> SUPPLIED MATERIAL:
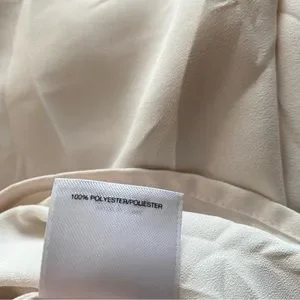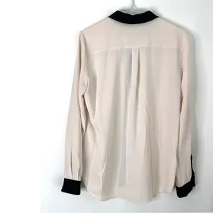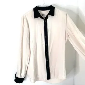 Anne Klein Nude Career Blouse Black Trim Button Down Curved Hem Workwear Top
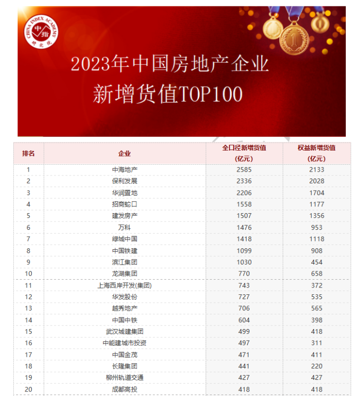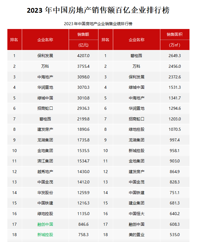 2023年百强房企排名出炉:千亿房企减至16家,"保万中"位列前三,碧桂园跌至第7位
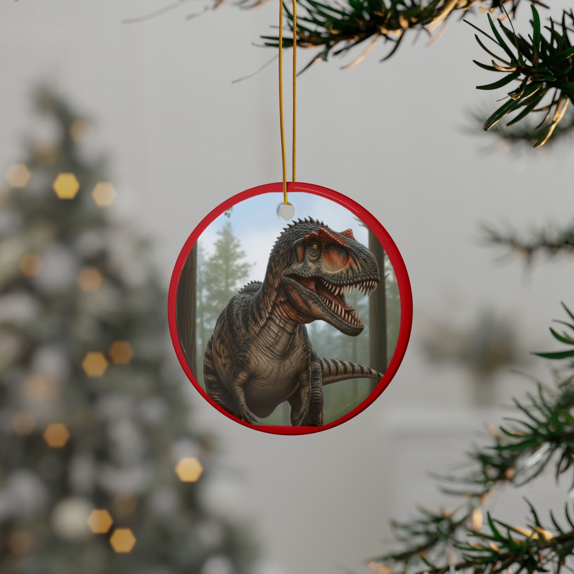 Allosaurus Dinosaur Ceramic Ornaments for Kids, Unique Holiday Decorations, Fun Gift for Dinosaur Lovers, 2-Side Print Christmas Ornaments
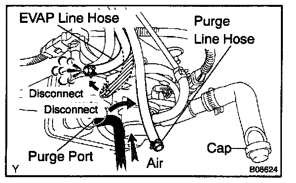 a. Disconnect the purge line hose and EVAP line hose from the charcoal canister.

> WHAT IS NEEDED: Write out the data word for word. Any picture is to be skipped.

> THE ANSWER:
 Anne Klein Nude Career Blouse Black Trim Button Down Curved Hem Workwear Top
 2023年百强房企排名出炉:千亿房企减至16家,"保万中"位列前三,碧桂园跌至第7位
 Allosaurus Dinosaur Ceramic Ornaments for Kids, Unique Holiday Decorations, Fun Gift for Dinosaur Lovers, 2-Side Print Christmas Ornaments
 a. Disconnect the purge line hose and EVAP line hose from the charcoal canister.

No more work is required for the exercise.